▶ _WORK INSTRUCTIONS_
Keep every word of the entries and print them exactly; the pictures stay out.

--*--

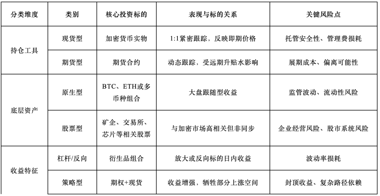 Besides holding tools, crypto ETFs can be classified by tracking object: single asset or index/basket; by underlying asset class: crypto assets or industry stocks. Leveraged, inverse, and other strategy-based products involve more complex mechanisms, often with daily resets and path dependency, suitable for narrower investor groups.
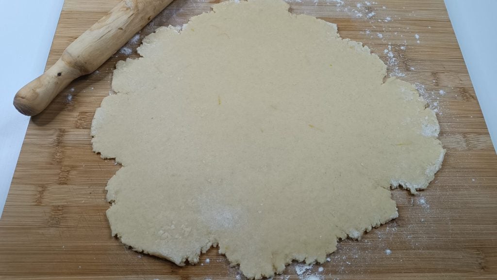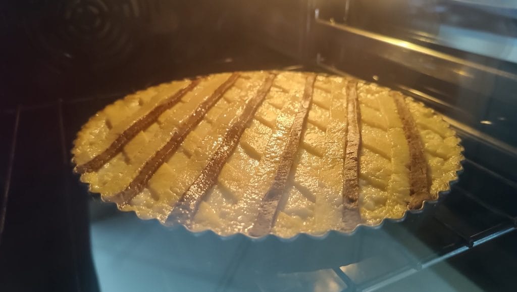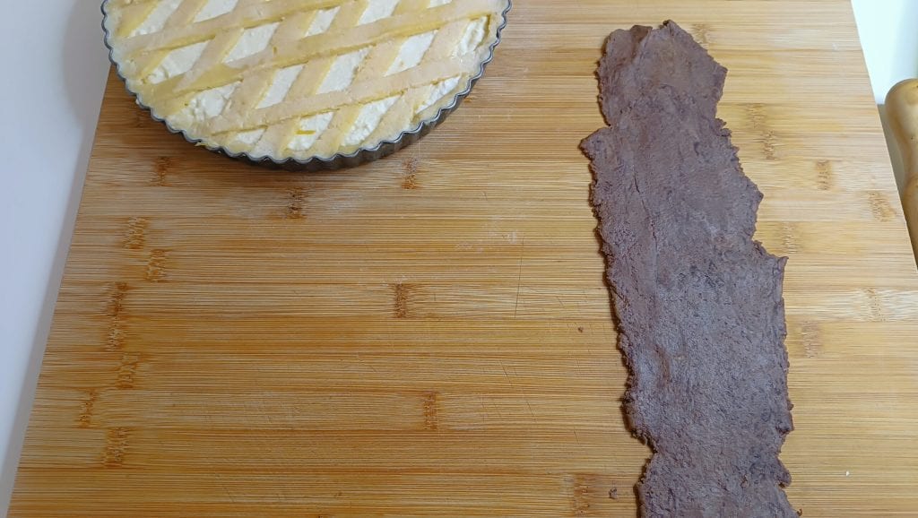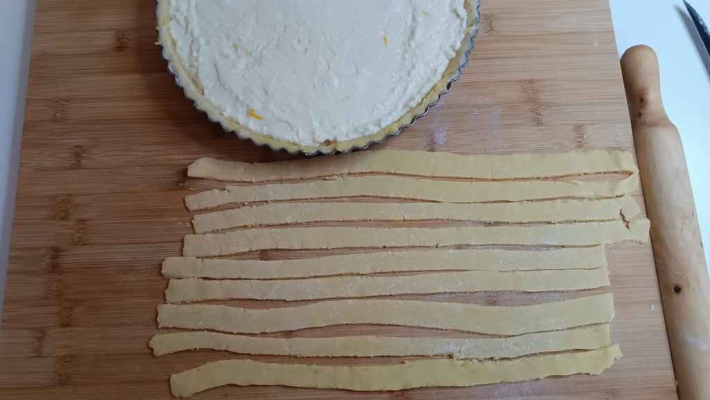 • Étirer la pâte et découper des petites bandes à disposer sur le gâteau
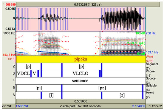 The main investigator manually settled all acoustic features of [p] from the sound wave and spectrographic inspections. The beginning of [p] was considered the ending of its preceding vowel, while the final boundary of [p] was the beginning of its following vowel. The vowel pulse, formant track, and perturbation on the sound wave were used as Campo instrumental acoustic cues [45] to settle vowel boundaries. The analysis settings as applied in Praat and the acoustic features of [p] are summarized in Table 3.
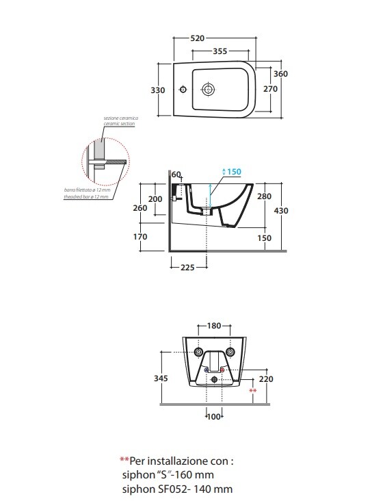 Биде, Globo, STONE, тип установки-подвесной, ширина, мм-360, глубина, мм-520, высота, мм-280, форма чаши-прямоугольная, отверстия для смесителя-1, материал-керамика, вид грязеотталкивающего покрытия-CERASLIDE, BATAFORM, крепления в комплекте, цвет-белый Биде, Globo, STONE, подвесной, шгв 360*520*280, CERASLIDE, BATAFORM, цвет-белый
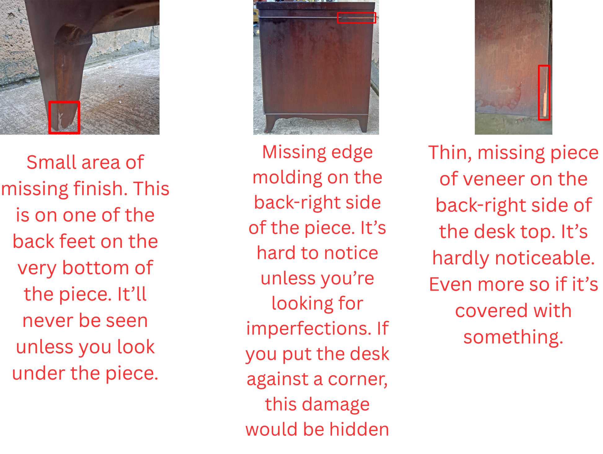 The desk has a few small nicks & scratches and spots of worn finish here and there. The worst damage found on the piece is shown and detailed in the last photo. Otherwise, there are no large breaks, cracks, gouges, rot, or warp.

--*--

▶ _FINISHED EXERCISE_
 Besides holding tools, crypto ETFs can be classified by tracking object: single asset or index/basket; by underlying asset class: crypto assets or industry stocks. Leveraged, inverse, and other strategy-based products involve more complex mechanisms, often with daily resets and path dependency, suitable for narrower investor groups.
 • Étirer la pâte et découper des petites bandes à disposer sur le gâteau
 The main investigator manually settled all acoustic features of [p] from the sound wave and spectrographic inspections. The beginning of [p] was considered the ending of its preceding vowel, while the final boundary of [p] was the beginning of its following vowel. The vowel pulse, formant track, and perturbation on the sound wave were used as Campo instrumental acoustic cues [45] to settle vowel boundaries. The analysis settings as applied in Praat and the acoustic features of [p] are summarized in Table 3.
 Биде, Globo, STONE, тип установки-подвесной, ширина, мм-360, глубина, мм-520, высота, мм-280, форма чаши-прямоугольная, отверстия для смесителя-1, материал-керамика, вид грязеотталкивающего покрытия-CERASLIDE, BATAFORM, крепления в комплекте, цвет-белый Биде, Globo, STONE, подвесной, шгв 360*520*280, CERASLIDE, BATAFORM, цвет-белый
 The desk has a few small nicks & scratches and spots of worn finish here and there. The worst damage found on the piece is shown and detailed in the last photo. Otherwise, there are no large breaks, cracks, gouges, rot, or warp.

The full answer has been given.